## Exercise aim
Using the records below, write out only the lines from the line containing "Еще несколько правдивых" up to and including the line containing "1999 西非/科特迪瓦 1000", exactly, with no pictures.

Recorded data

==============================

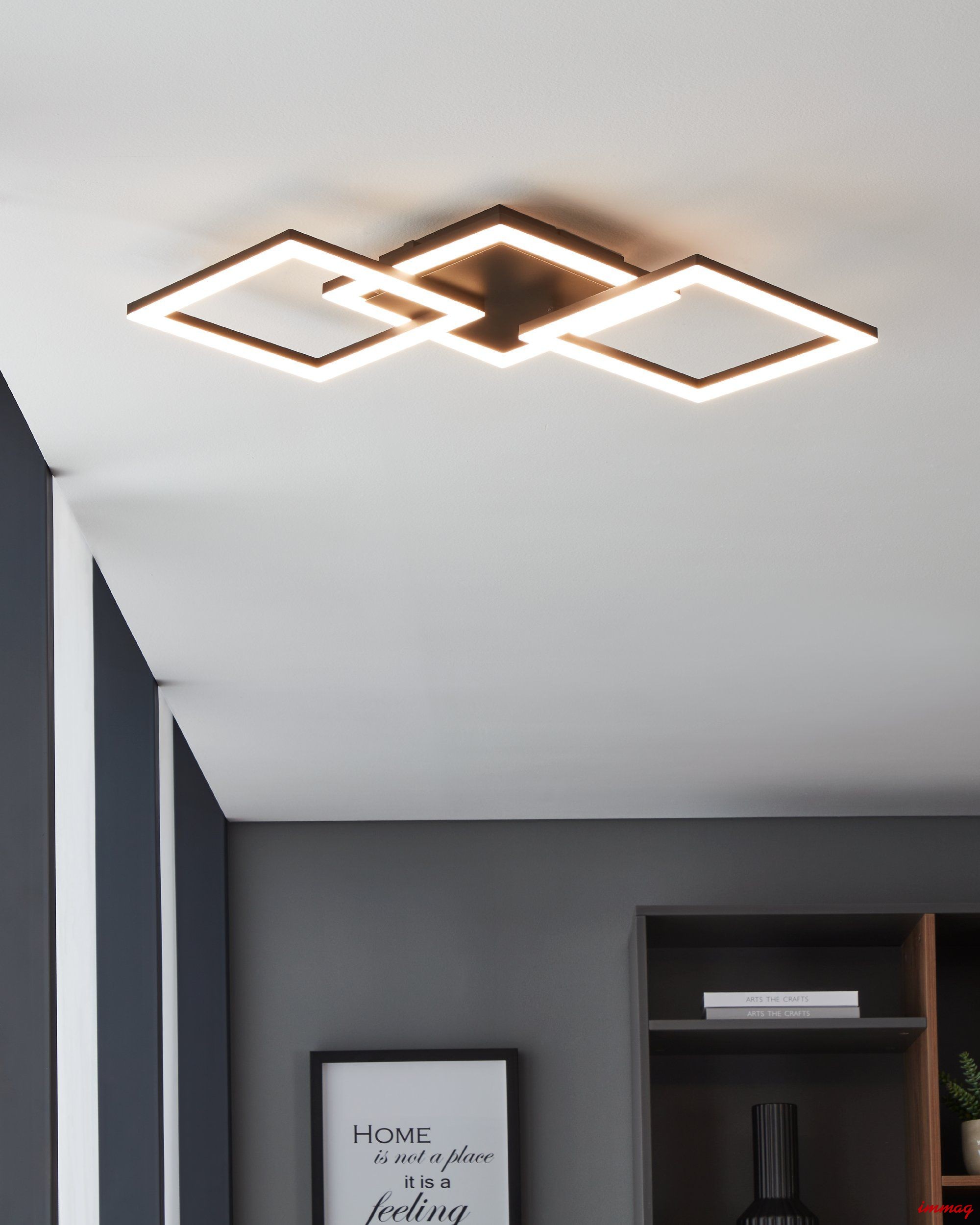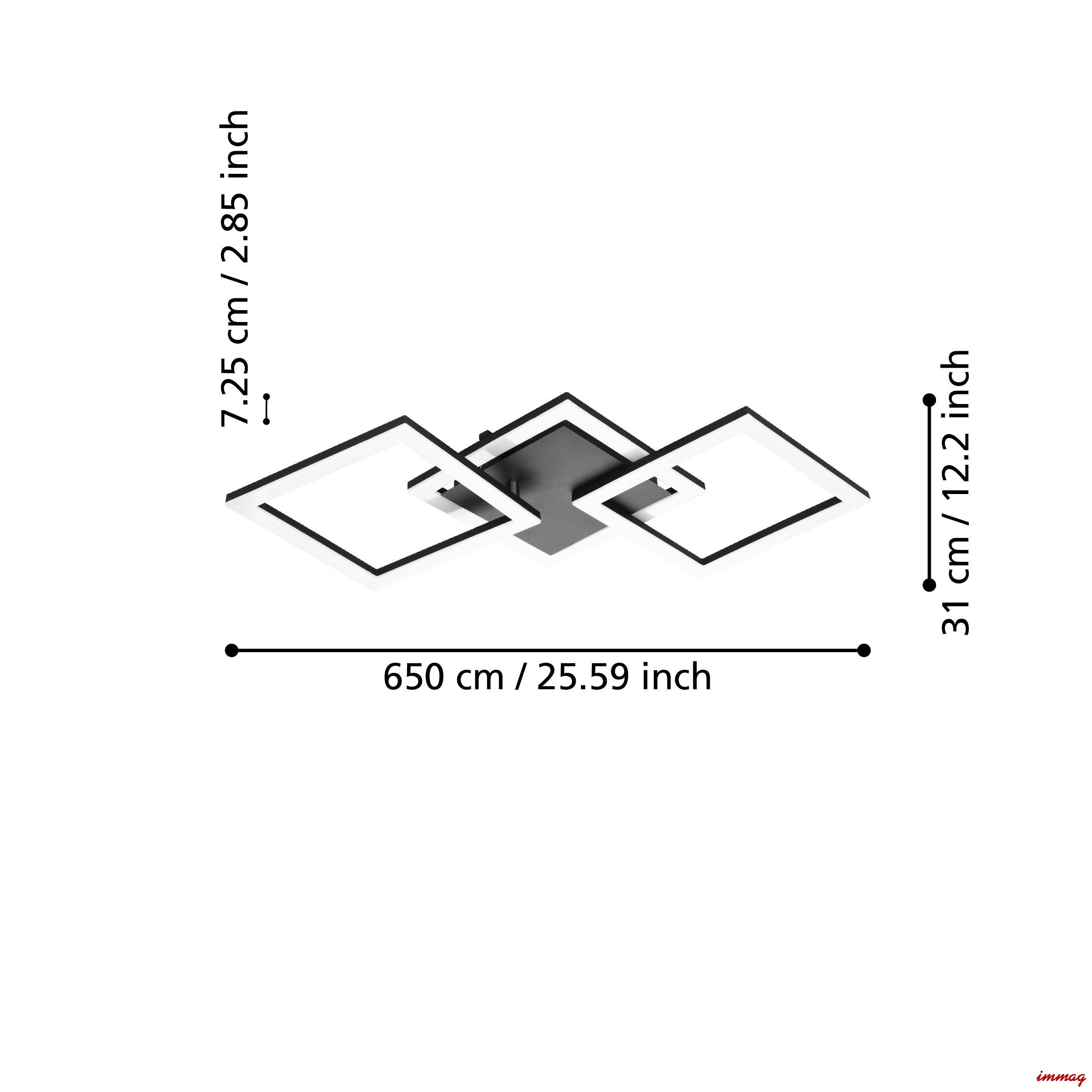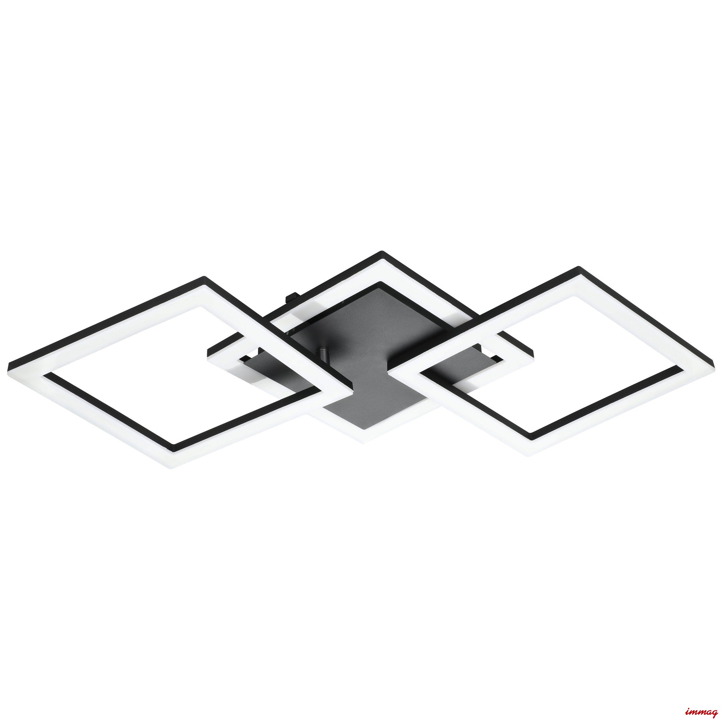 Plafon, lampa sufitowa LED PARANDAY-Z z serii smart home connect.Z jest wykonana z czarnego metalu i ma trzy kwadratowe elementy oświetleniowe. Dwa elementy zewnętrzne są regulowane, dzięki czemu można indywidualnie wpływać na optykę oprawy. Zintegrowane diody LED pod białymi plastikowymi osłonami zapewniają przyjemne światło zgodnie z Twoimi życzeniami. Masz wybór między ciepłą bielą, neutralną bielą i zimną bielą światła. Lampa sufitowa jest sterowana za pomocą bezpłatnej aplikacji (AwoX Home Control) i zapewnia dostęp do innych funkcji zwiększających komfort, takich jak ściemnianie, timer, symulacja obecności i wiele innych. Światło jest sterowane przez Bluetooth i ZigBee 3.0, a także umożliwia sterowanie za pomocą kompatybilnych asystentów językowych. Ponadto inteligentną lampą sufitową można sterować za pomocą dostępnego oddzielnie pilota kod 99099. Dzięki minimalistycznemu wzornictwu oferuje nowoczesne oświetlenie do każdego pomieszczenia – czy to w kuchni, salonie, sypialni, przedpokoju czy jadalni.
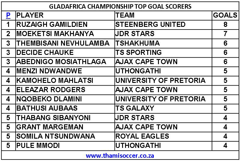GladAfrica Championship Top Goal Scorers 23 November 2019 Posted on 2019-11-232019-11-23 By Thami Mshengu No Comments on GladAfrica Championship Top Goal Scorers 23 November 2019 (Visited 12 times, 1 visits today)Share this:TwitterWhatsAppPrintTumblrLinkedInFacebookTelegramRedditPocket Related Motsepe Foundation Championship
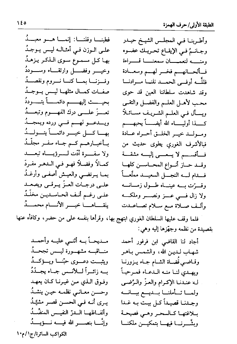 فبالأشرف الغوري يطوى حديث من ... بأخبارهم كم جاء سفر مجلد
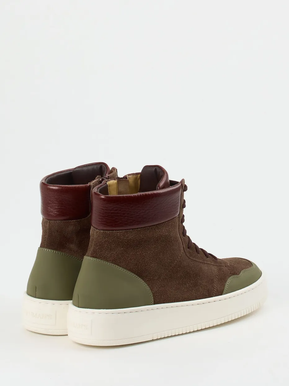 Der hochwertige High-Top Sneaker vereint samtiges Veloursleder mit dezenten Farbakzenten und urbaner Funktionalität – authentisch handgefertigt in Italien.
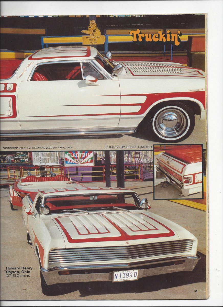 #36... 67 El Camino. Howard sold it to my dad in the mid 80's, Chuck Sides. it was in Classic & Custom magazine as well. photographed by Lee Pratt. we had that car everywhere and to this day no car/truck sounded better. 283 duels with woodpecker mufflers. Howard painted that car to match the speedboat. Artic white & hugger orange. we were in a small town in Kentucky 4th of july weekend. the local police thought that car was the coolest.they called the sheriff in from a murder scene to see it. haha. that's the truth!
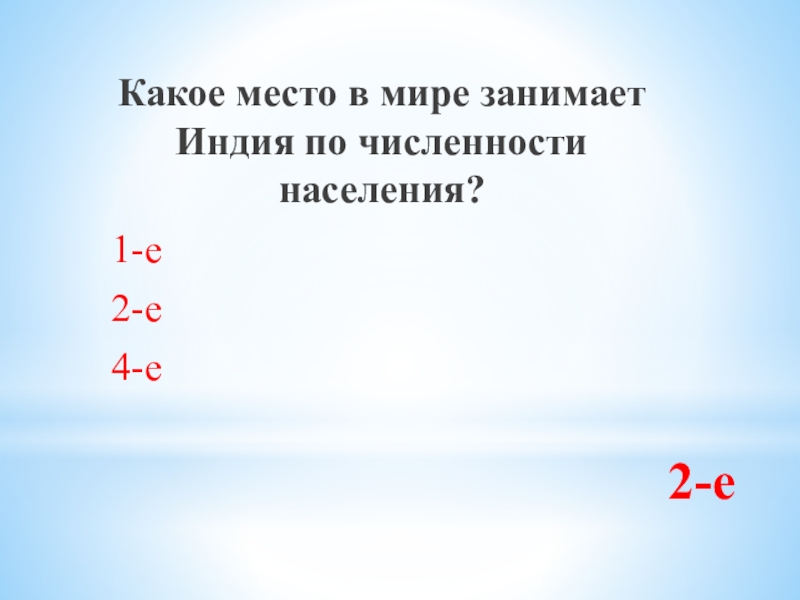2-е Какое место в мире занимает Индия по численности населения?1-е2-е4-е
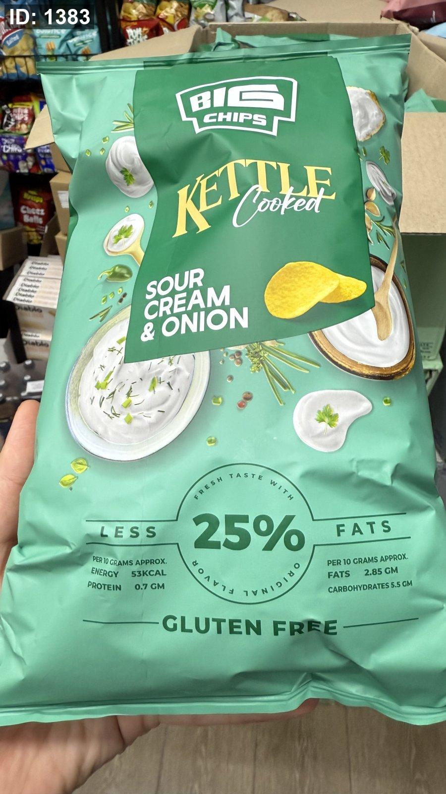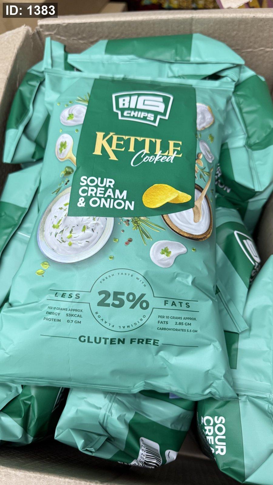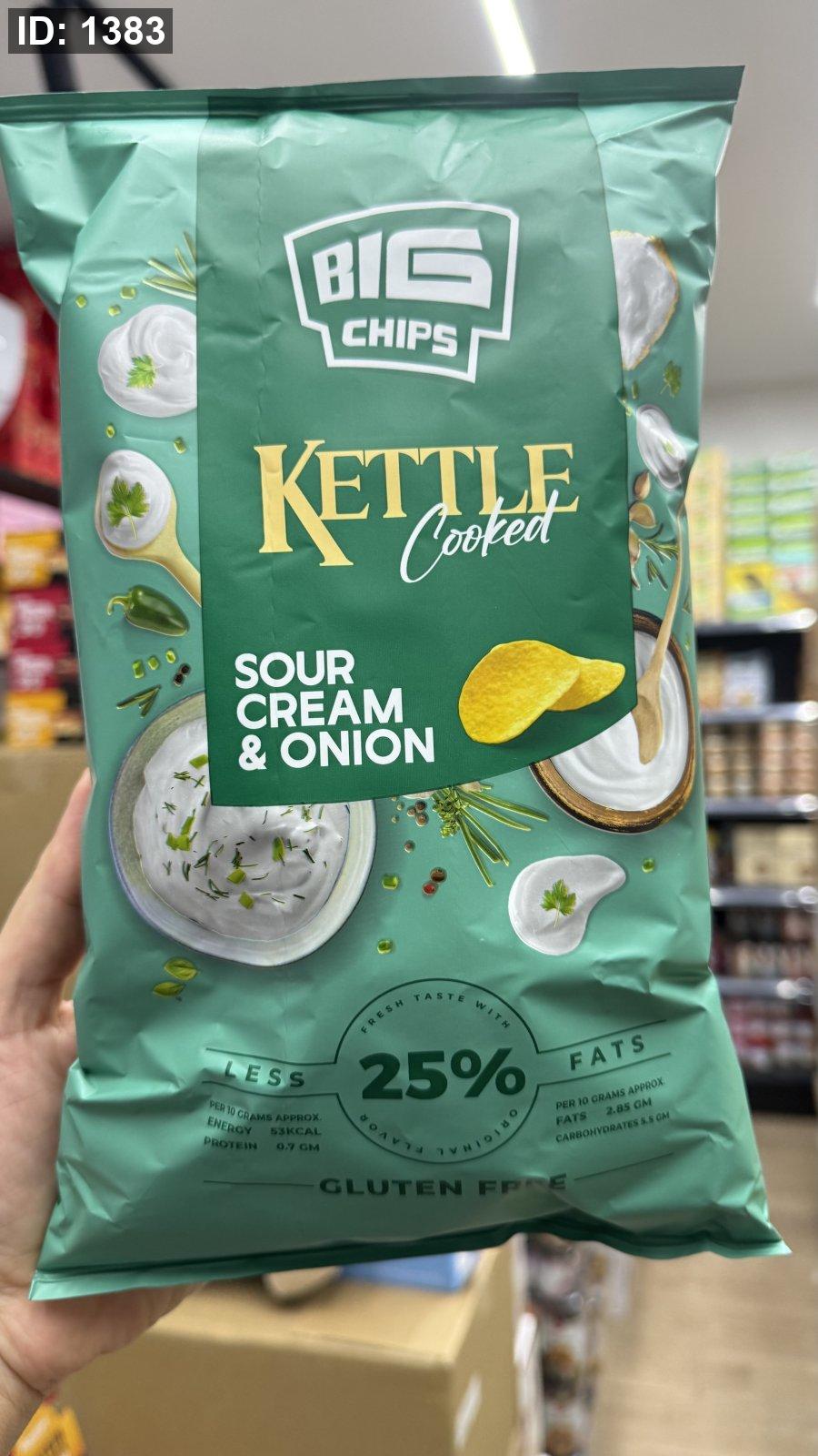 شيبس kettle رقائق البطاطا بنكهة الكريمة والبصل خالي من الجلوتين وزنه 100غرام
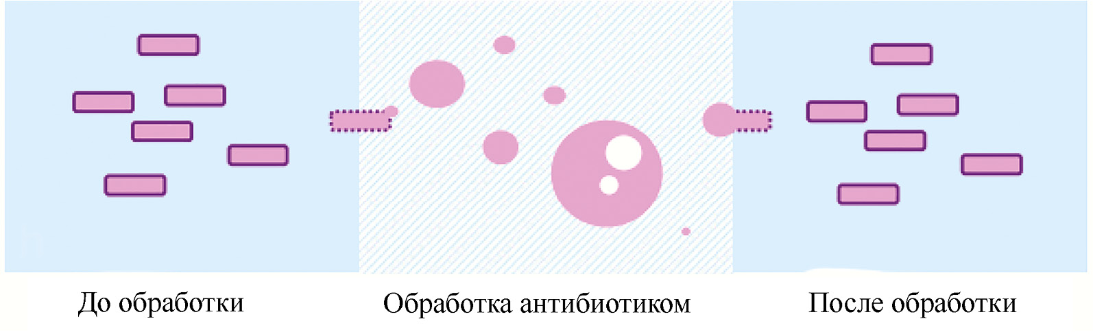 Рис. 2. Модель, показывающая переключение бактерии с клеточной стенки на L-форму [28]
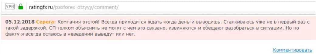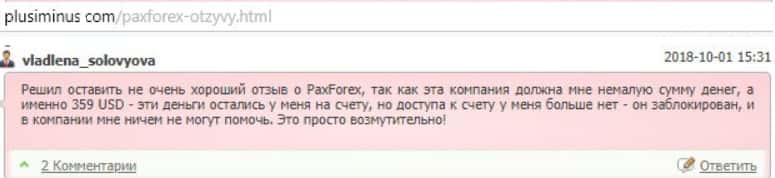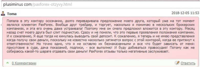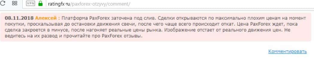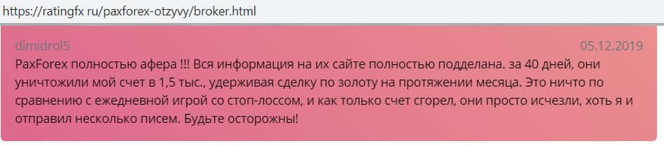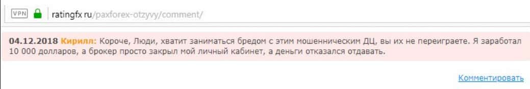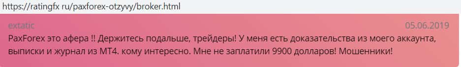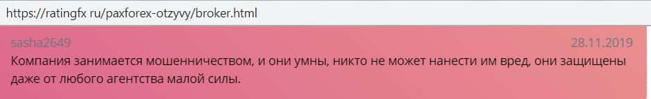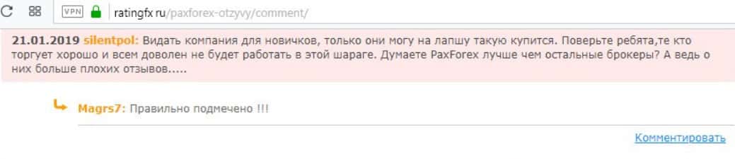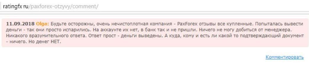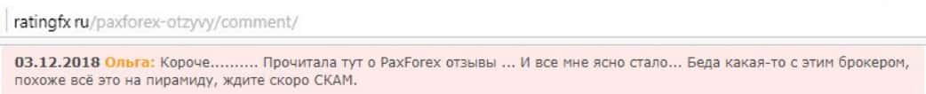 Еще несколько правдивых отзывов о мошеннической деятельности ДЦ PaxForex нам удалось найти на интернет-портале ratingfx ru. Прочитав эти отзывы все сразу стало понятно.
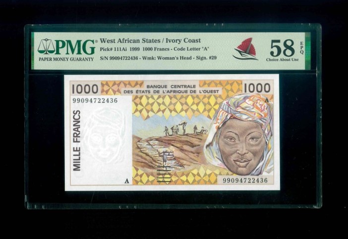 1999 西非/科特迪瓦 1000 Francs PMG 58 EPQ 編號:99094722436
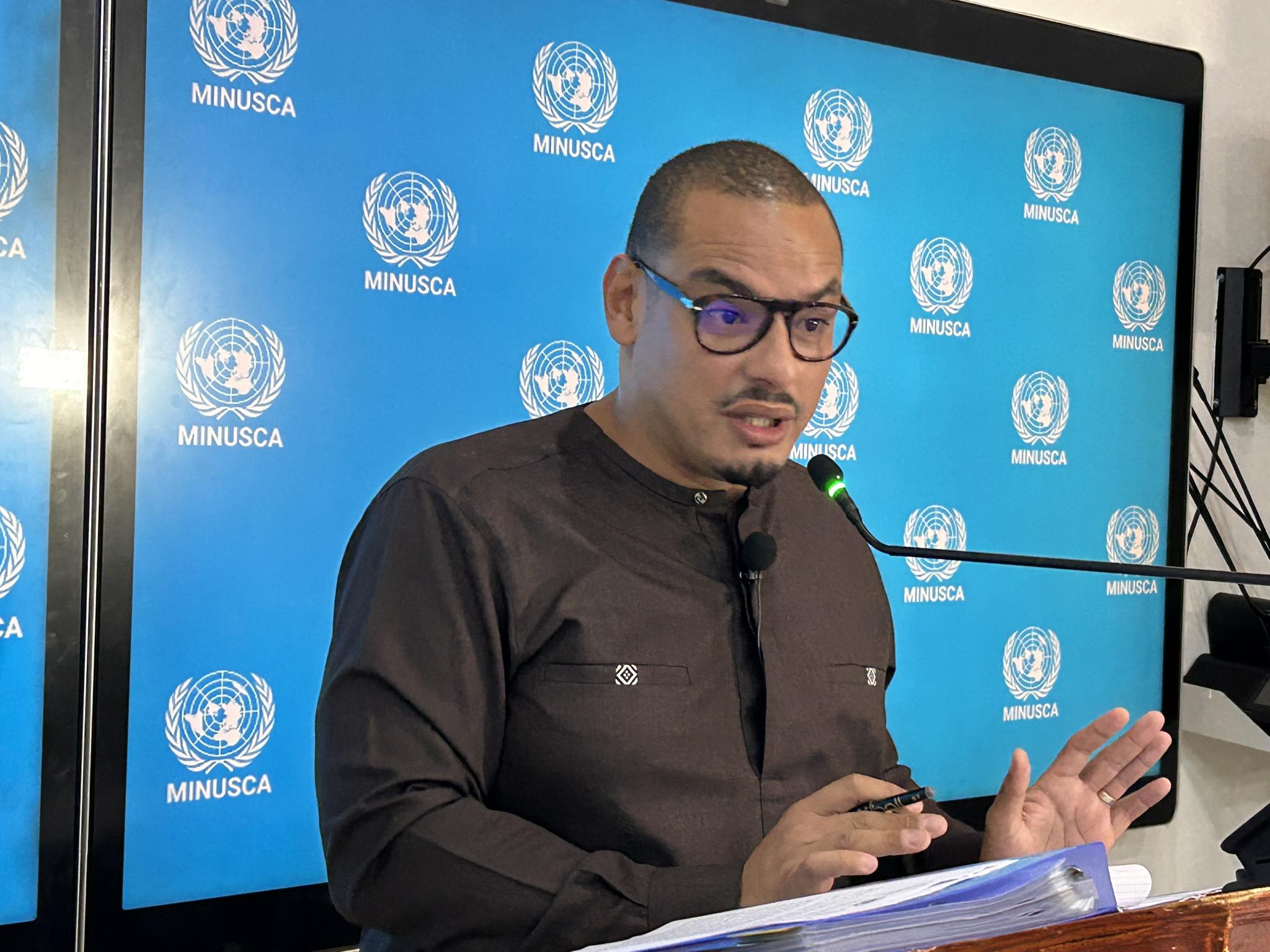 Lors de sa traditionnelle conférence hebdomadaire, le mercredi 16 avril 2026, le Porte-parole par intérim de la MINUSCA, Joël Ndoli Pierre, affirme que la Représentante Spéciale du Secrétaire Général des Nations Unies en Centrafrique, a salué les efforts du gouvernement dans la réussite des élections groupées du 28 décembre. «La Représentante spéciale du Secrétaire Général des Nations-Unies, a rencontré le Premier Ministre, Chef du gouvernement, afin de faire le point sur l’organisation des élections groupées du 28 décembre 2025. A cette occasion, elle a salué les efforts déployés par le gouvernement, pour relever ces défis majeurs, en rappelant que les scrutins, présidentielle, législative, régionale et municipales, n’ayant pas eu lieu depuis 38 ans, se sont tenues sur l’ensemble des 20 préfectures du pays. 6679 bureaux de vote sur près de 6700, ont été ouverts et opérationnels y compris, dans des localités où les élections n’avaient jamais été organisées auparavant», a salué le Porte-parole par intérim de la MINUSCA.

==============================

## Reply to the exercise
 Еще несколько правдивых отзывов о мошеннической деятельности ДЦ PaxForex нам удалось найти на интернет-портале ratingfx ru. Прочитав эти отзывы все сразу стало понятно.
 1999 西非/科特迪瓦 1000 Francs PMG 58 EPQ 編號:99094722436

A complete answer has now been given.